The trained LeNet-5 network is implemented on an interference system based on silicon photonics chip including four-modulator array for (pure amplitude) data-input, pseudo-real-value matrix with P-GridUnitary mesh design and four balanced detector array to receive output-data. Such that all 3 × 3 and 4 × 4 kernels in convolution layers are performed on optical domain, while the nonlinear activations and full connection layers are executed in FPGA (Figure 6a–c). Experimentally, the interference system achieves 99.40% accuracy on MNIST test set including 10,000 instances (Figure 6d), while the MZI black dash marked in Figure 4c is configured to cross state, the P-GridUnitary mesh become equivalent to a FFTUnitary mesh, and then the test accuracy is 98.87% (Figure 6e). They are both very close to the training performance, indicating the low encoding error level of pseudo-real-value nonuniversal mesh for matrix expression. During the whole interference process, the classification accuracy is quite stable at high level without apparent deviation (see Video-1), whereas in conventional SVD-mesh design, much more consumed MZIs produce more phase-error and thermal crosstalk, resulting in apparent practical nonideal [5]. Additionally, we demonstrate the recognition of realistic hand-written digits captured by the camera (Figure 6f), further verifying the robustness of the PNN based on pseudo-real-value nonuniversal mesh when running in realistic world.

Figure 4:

The performances of PNN on LeNet-5 model for MNIST task using pseudo-real-value GridUnitary, P-GridUnitary and FFTUnitary mesh, as well as their comparision to SVD GridNet.

(a) The evolution of the MNIST accuracy of LeNet-5 model based on 4*4 pseudo-real GridUnitary (green), P-GridUnitary (red) and FFTUnitary mesh (black), as well as conventional SVD-GridNet mesh with 40 epoch training; confusion matrix of trained model on test set with 10,000 instances based on pseudo-real (b) GridUnitary, (c) P-GridUnitary and FFTUnitary mesh, as well as conventional SVD-GridNet mesh. Each column of the matrix represents the instances in predicted label, while each row represents the instances in true label.

Figure 5:

The performances of PNN on MobileNet model for Fashion-MNIST task using pseudo-real-value FFTUnitary mesh, as well as their comparision to the baseline uisng the reuglar universal real-value mesh.

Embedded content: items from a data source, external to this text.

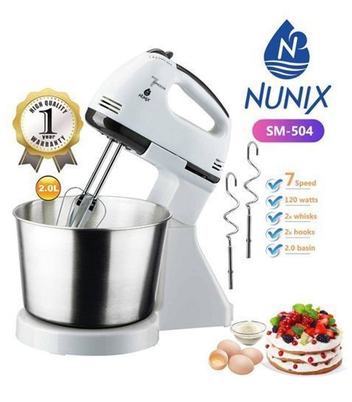 This new hand mixer with bowl helps put your favorite recipes to the test. With a 120 watts motor and five speed settings, this hand mixer can tackle the toughest tasks at the right power of your choice. Either place the hand mixer on the stand to have your hands free or use the hand mixer without the stand for more manual control. Comes with stainless steel bowl of 2liter capacity for liquid and 1kg capacity for dry food. Make your cooking an effortless creative pleasure with this Hand Mixer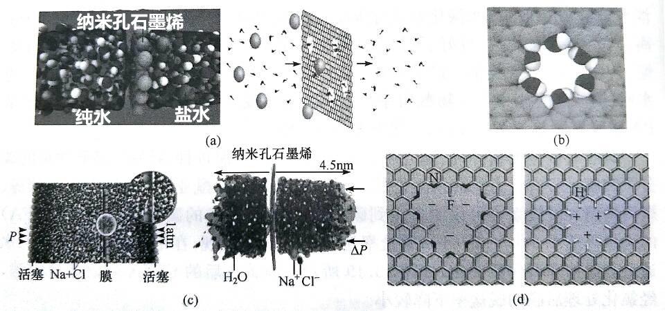 (a)納米孔石墨烯海水淡化;(b)帶有親水鍵的納米孔;(c)計(jì)算機(jī)模擬石墨烯過濾;(d)帶有親水鍵納米孔(左)和官能化的納米孔(右)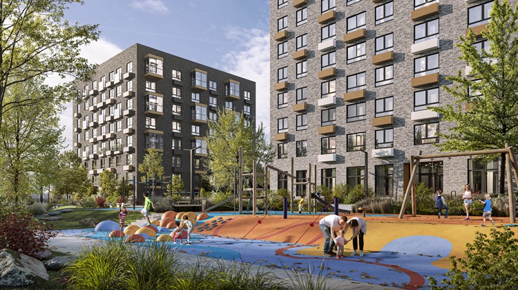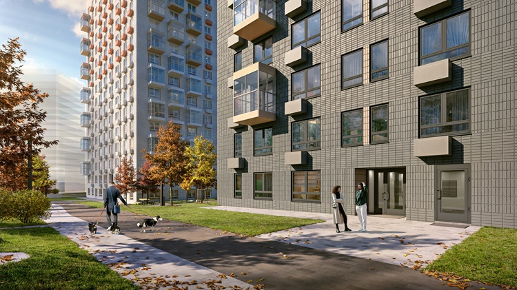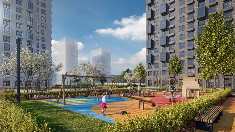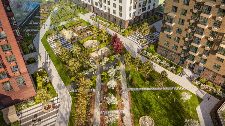 Квартал спроектирован с закрытыми дворами без машин, зелёными локациями для отдыха и спортивными, детскими площадками различного наполнения. На первых этажах предусмотрены магазины и сервисы.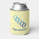 Blue name and initials. Personalize by changing to your Last name (surname) and initial (monogram). Name shows in dark blue. Initial is in five shades of blue, from light to dark, staggered, front to back. Background may also be customized (defaults to light yellow).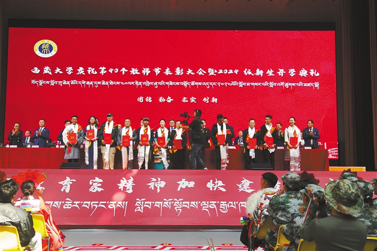 10日下午,西藏大學在納金校區(qū)雙創(chuàng)活動中心舉辦第40個教師節(jié)表彰大會暨2024級新生開學典禮。活動在熱情歡快的暖場歌舞中拉開帷幕,會場內紅旗飄揚,氣氛熱烈而莊重,全體2024級新生、學校各單位主要負責人、受表彰師生代表等共計3300余師生齊聚一堂,共同見證這一重要時刻。

(a) The evolution of the Fashion-MNIST accuracy of MobileNet model; Confusion matrixes of (a) baseline prediction and (b) pseudo-real-value FFTUnitary mesh.

Figure 6:

The system implementation of the PNN using pseudo-real-value MZI mesh.

(a) PNN inferences system based on LeNet-5 network implemented on (b) silicon photonics chip with pseudo-real-value nonuniversal MZI mesh design, where (c) a P-GridUnitary mesh where 10 thermal shifters is employed to program five MZIs within (shifter 1 and 2 are θ and ϕ for 1st MZI, likewise, 4 and 5 for 2nd, 6 and 7 for 3rd, 3 and 8 for 4th, 9 and 10 for 5th). Tested MNIST accuracy when the chip works as (d) P-GridUnitary mesh or (e) FFTUnitary mesh. The demonstration of recognition of realistic hand-written digits captured by the camera.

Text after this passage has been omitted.